Pastor’s Paragraphs

In the past week we have moved from the Thanksgiving season into the Advent Season. It seems as though, it has been a rush, and our schedules are already full of activities. If we are not careful, this season will just be more parties and events and we will be exhausted from the many events surrounding this very special time of the year. The Advent season is to help us look toward the celebration of the coming of the Christ Child. It seems that in just a few days decorations have come out of storage and the celebration of Christmas is everywhere we look. Our society tries to make it more of a ‘Holiday’ season and in many cases never mentioning the ‘Christ’ that is the central figure of this season. In many cases Christ has been replaced with the decorations and the celebrations. Stores are recording record sales, and in many cases, you can not even find a Nativity scene in all the decorations. We need to keep Christ the center of Christmas. In Matthew 2:2 we read, “Where is He who has been born King of the Jews? For we saw His star at its rising and have come to worship Him.” I never get tired of reading about the wise men searching for Jesus. This reminds me that I need to keep my focus on Christ and what He has done for me during this season. I can’t get caught up in all of the busyness of the season but remember to worship the one that is ‘the reason for the season.’ I hope your focus this Christmas is Christ and worshipping Him and Him alone.

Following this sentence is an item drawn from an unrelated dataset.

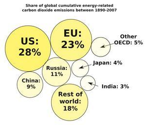 | Keywords: Bubble diagram showing the share of global cumulative energy-related carbon dioxide emissions for major emitters between 1890-2007.svg carbon dioxide emissions between 1890-2007 Major emitters are shown percentage share in brackets the United States 28 the European Union 23 Russia 11 China 9 other OECD countries 5 Japan 4 India 3 and the rest of the world 18 Data are from IEA 2009 For more information see greenhouse gas The area and colouring of the circles is proportional to the share of emissions The radius of the circles equals the square root of area / References IEA 2009 http //www worldenergyoutlook org/media/weowebsite/2009/WEO2009 pdf World Energy Outlook 2009 p 180 p 182 of PDF http //www iea org/ International Energy Agency IEA Paris France ISBN 978-92-64-06130-9 own Enescot 2012-11-13 Data Data from the IEA 2009 are given below as comma-separated values CSV The data were exported from OpenOffice 3 4 1 Calc using the following options enclosed in braces Character set Western Europe Windows-1252/WinLatin ; Field delimiter ; text delimiter <pre> Region/country a area r radius d diameter Rest of world 18 2 3936536824 4 7873073648 India 3 0 9772050238 1 9544100476 Japan 4 1 1283791671 2 2567583342 Other OECD 5 1 261566261 2 523132522 China 9 1 6925687506 3 3851375013 Russia 11 1 8712051593 3 7424103185 European Union 23 2 7057581899 5 4115163798 United States 28 2 9854106607 5 9708213214 </pre> Global warming graphs Atmospheric carbon dioxide Cc-zero |

The Christmas season is a time of giving. We need to remember, as we are busy buying gifts, that this is the season that we give to missions at our church. We give our Mission Offering (Lottie Moon Offering) to support our Missionaries that are serving in foreign countries so that others can know Christ. As you are ‘giving’ this year make sure to include our missionaries by giving your gift to the Lottie Moon Offering. 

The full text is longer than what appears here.